Strategy scaling function: multiplier to convert positions to number of units.

Parameters

dt – Input scaling date.

Returns

multiplier

property prime_history_field: str

The main history field returned by default.

property prime_intraday_history_field

The main intraday history field returned by default.

print_dependencies(root_dependency: Optional[sigtech.framework.internal.infra.mu.graph.registry.factory.Dependency] = None, resolve_future_dependencies: bool = True, fields: Optional[list] = None)

Pretty print dependency tree :param root_dependency: starting dependency of the tree. :param resolve_future_dependencies: resolve future dependencies before printing. If ‘false’ nothing get printed. :param fields: additional fields to extract from dependencies object. Default fields are product_type, currency, frequency and data_source. To get the list of available fields for an object you can use the data_dict() method.

property product_type

Return the product_type property of this object.

publication_delay() str

Publication delay of data for this instrument.

push_process(process)

Add a given process to the strategy queue.

Parameters

process – Input process.

realign_history(series)

Realign history series to proper business days.

Parameters

series – Input series.

Returns

Realigned history series.

roll_adjusted_yield()

Return the underlying bonds yields adjusted by the roll pick up (i.e. difference between rolled out bonds yield, and rolled in bond yield for each roll date).

rolling_schedule()

Return roll schedule.

rounded_units(units, dt, to_trade=True)

If rounding is enabled only whole strategy units can be traded.

This is to be sure that the expanded positions are all tradable regardless of later increases or closing of underlying positions.

For the instantaneous value we look at the possible rounded constituents and the maximum allowed contained position.

Note: This estimate is only an approximation since it may assume fractional holdings in positions.

For an example,

Consider a sub-strategy that holds 100 future contracts at time T. It then closes out one contract to have 99 at T+1.

A strategy wants to trade 0.01 units of this sub-strategy at T. For that instant the rounded_units can allow 0.01 units.

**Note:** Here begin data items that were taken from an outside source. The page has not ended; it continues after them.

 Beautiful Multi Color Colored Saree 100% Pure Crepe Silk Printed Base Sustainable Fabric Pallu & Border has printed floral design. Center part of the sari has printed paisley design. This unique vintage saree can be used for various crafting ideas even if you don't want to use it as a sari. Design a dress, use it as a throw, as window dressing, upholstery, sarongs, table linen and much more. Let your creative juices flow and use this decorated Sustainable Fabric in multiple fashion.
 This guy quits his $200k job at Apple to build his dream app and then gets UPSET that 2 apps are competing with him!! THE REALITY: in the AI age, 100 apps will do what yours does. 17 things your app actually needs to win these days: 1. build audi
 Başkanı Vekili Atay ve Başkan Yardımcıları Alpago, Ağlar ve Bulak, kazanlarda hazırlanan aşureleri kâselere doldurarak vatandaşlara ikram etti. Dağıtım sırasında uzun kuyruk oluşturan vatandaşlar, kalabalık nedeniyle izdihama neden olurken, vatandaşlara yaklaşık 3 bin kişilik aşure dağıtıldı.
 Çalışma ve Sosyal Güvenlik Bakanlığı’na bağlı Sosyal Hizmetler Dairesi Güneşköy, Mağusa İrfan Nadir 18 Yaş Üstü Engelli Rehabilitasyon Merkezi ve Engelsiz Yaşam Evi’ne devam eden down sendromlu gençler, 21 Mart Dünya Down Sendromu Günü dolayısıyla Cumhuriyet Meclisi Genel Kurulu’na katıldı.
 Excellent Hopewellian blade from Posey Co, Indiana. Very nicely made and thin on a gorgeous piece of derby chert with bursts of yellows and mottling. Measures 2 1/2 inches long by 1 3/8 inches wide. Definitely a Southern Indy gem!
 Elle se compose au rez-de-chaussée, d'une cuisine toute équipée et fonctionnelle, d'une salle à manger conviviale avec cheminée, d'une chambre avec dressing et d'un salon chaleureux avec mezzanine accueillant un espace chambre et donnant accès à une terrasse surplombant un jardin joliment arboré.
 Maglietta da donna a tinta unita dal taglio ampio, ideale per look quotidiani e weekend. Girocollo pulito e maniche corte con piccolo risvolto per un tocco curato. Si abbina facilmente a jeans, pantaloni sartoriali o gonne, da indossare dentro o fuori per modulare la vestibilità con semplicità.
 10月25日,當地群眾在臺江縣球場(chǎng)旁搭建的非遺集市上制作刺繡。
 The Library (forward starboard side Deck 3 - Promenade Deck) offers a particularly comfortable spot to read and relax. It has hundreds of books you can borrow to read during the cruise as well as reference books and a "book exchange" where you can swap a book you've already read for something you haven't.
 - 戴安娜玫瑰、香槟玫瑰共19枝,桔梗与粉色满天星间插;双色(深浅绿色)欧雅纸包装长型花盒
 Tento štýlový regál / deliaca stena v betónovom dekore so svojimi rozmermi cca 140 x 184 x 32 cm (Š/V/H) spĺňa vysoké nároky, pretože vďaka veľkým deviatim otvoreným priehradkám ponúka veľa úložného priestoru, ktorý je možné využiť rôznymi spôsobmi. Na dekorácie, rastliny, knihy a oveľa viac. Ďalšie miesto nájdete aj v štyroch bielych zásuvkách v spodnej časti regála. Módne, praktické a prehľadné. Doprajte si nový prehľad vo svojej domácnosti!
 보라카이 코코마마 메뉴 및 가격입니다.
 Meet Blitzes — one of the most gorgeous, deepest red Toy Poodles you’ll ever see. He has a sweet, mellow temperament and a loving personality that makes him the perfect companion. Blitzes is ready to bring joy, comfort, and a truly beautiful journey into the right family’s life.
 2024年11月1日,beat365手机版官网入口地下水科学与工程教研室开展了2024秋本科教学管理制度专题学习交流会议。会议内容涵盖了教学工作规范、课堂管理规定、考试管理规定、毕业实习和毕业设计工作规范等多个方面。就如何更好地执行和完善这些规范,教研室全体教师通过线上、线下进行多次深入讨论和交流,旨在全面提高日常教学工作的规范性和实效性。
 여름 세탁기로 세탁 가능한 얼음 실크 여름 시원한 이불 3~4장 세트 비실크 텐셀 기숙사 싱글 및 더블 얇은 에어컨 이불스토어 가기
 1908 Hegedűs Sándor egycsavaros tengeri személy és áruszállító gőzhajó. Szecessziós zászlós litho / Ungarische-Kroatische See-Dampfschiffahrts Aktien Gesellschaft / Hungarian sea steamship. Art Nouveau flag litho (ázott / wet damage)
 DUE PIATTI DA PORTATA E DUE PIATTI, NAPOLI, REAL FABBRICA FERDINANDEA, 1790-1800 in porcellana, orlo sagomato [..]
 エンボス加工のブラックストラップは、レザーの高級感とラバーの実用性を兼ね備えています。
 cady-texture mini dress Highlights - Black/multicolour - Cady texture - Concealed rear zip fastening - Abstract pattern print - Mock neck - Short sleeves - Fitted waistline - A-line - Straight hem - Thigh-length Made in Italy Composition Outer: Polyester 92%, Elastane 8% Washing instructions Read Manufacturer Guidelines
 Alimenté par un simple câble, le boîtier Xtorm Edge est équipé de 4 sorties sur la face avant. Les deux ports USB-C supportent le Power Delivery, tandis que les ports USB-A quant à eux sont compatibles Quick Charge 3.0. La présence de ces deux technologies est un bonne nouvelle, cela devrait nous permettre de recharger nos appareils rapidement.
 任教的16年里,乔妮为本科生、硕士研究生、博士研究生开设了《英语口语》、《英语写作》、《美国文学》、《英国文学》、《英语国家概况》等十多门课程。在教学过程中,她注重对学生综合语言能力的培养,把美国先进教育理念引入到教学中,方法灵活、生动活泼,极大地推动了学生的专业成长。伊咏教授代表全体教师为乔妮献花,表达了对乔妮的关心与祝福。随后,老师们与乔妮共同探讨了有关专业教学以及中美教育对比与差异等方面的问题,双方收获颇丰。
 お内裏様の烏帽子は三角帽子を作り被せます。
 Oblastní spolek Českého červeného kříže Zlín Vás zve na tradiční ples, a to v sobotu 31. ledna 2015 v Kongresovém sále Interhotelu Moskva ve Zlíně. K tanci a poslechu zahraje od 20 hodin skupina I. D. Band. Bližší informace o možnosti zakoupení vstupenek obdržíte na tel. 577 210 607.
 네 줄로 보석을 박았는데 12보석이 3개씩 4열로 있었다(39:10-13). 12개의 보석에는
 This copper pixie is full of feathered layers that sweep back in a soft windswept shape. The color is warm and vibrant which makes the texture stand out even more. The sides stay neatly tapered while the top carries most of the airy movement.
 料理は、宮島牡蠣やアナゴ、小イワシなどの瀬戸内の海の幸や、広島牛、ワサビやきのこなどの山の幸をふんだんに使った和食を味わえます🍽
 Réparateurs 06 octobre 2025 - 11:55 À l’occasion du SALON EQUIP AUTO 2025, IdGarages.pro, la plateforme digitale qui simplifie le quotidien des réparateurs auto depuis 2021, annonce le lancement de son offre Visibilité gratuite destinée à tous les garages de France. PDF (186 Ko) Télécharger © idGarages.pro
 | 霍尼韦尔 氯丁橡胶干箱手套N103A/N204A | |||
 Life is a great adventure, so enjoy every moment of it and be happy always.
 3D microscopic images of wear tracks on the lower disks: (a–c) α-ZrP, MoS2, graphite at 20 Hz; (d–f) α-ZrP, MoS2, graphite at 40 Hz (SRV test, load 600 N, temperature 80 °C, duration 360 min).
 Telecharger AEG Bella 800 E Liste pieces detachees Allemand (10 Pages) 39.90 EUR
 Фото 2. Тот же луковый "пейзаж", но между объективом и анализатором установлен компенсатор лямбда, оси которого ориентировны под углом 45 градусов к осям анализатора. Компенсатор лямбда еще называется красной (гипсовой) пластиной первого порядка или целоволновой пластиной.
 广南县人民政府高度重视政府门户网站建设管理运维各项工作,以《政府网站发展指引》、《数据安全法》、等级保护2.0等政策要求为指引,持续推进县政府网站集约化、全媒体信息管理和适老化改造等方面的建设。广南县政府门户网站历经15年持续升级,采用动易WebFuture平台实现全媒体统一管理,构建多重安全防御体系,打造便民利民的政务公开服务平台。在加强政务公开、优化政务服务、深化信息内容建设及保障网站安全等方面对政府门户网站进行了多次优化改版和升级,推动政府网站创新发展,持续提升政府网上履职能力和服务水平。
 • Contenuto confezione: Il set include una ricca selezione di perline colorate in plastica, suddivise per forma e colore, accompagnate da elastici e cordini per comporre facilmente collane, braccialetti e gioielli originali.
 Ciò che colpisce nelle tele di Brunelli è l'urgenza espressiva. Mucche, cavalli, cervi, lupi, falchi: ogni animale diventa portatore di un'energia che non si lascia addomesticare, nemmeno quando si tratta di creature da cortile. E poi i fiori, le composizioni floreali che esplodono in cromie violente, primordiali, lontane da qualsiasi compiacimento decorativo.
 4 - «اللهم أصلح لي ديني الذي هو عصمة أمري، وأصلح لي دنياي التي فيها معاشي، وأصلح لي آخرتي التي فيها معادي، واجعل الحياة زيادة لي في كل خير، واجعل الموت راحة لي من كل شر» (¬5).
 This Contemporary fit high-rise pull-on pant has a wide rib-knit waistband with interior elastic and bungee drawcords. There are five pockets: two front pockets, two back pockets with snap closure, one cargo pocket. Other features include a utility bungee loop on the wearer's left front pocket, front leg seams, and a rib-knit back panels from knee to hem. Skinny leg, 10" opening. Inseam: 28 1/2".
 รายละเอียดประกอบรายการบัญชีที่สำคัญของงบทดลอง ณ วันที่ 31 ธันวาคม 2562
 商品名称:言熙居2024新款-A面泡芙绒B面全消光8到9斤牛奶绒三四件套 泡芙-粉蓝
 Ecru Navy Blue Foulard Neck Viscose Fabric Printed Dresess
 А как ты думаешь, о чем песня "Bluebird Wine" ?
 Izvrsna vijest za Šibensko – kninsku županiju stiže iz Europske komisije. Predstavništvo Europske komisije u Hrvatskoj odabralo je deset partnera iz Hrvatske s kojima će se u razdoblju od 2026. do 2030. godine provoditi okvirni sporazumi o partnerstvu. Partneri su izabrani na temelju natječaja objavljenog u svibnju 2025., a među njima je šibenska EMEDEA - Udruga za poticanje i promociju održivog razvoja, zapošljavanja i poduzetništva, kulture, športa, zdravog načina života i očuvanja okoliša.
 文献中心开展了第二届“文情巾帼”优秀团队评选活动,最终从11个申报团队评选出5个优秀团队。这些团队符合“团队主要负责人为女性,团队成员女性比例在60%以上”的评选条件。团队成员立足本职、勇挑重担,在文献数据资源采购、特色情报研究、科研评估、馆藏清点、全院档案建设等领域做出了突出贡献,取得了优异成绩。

However, if it were executed the position wouldn’t be valid at T+1.

To allow arbitrary sub-strategy behaviour only whole strategy units can be traded.

Parameters
  • units – Number of units.

  • dt – Reference datetime.

  • to_trade – Cast the number of units to lower round (default is True).

Returns

Rounded units.

schedule_information()

Return the schedule information for this group.

property sector

Sector used on BBG, or the class ID for SIG instruments.

set_preloaded_history(data) None

Set the preloaded history of the object.

Parameters

data – History data.

set_sparse_history(data) None

Set the sparse history of the object.

Parameters

data – History data.

shaken_timeline(full_timeline=False)

Return strategy timeline - shaken.

Parameters

full_timeline – Include the positions changes (not just the order execution points).

Returns

Tree timeline.

short_version(use_db=True)

Short version of this strategy.

Parameters

use_db – The strategy is loaded from a database (optional, default is True).

Returns

Strategy.

size_date_from_date(d)

Return the previous strategy data point as a datetime to the valuation date.

Parameters

d – Valuation date.

Returns

Datetime.

size_date_from_decision_dt(decision_dt)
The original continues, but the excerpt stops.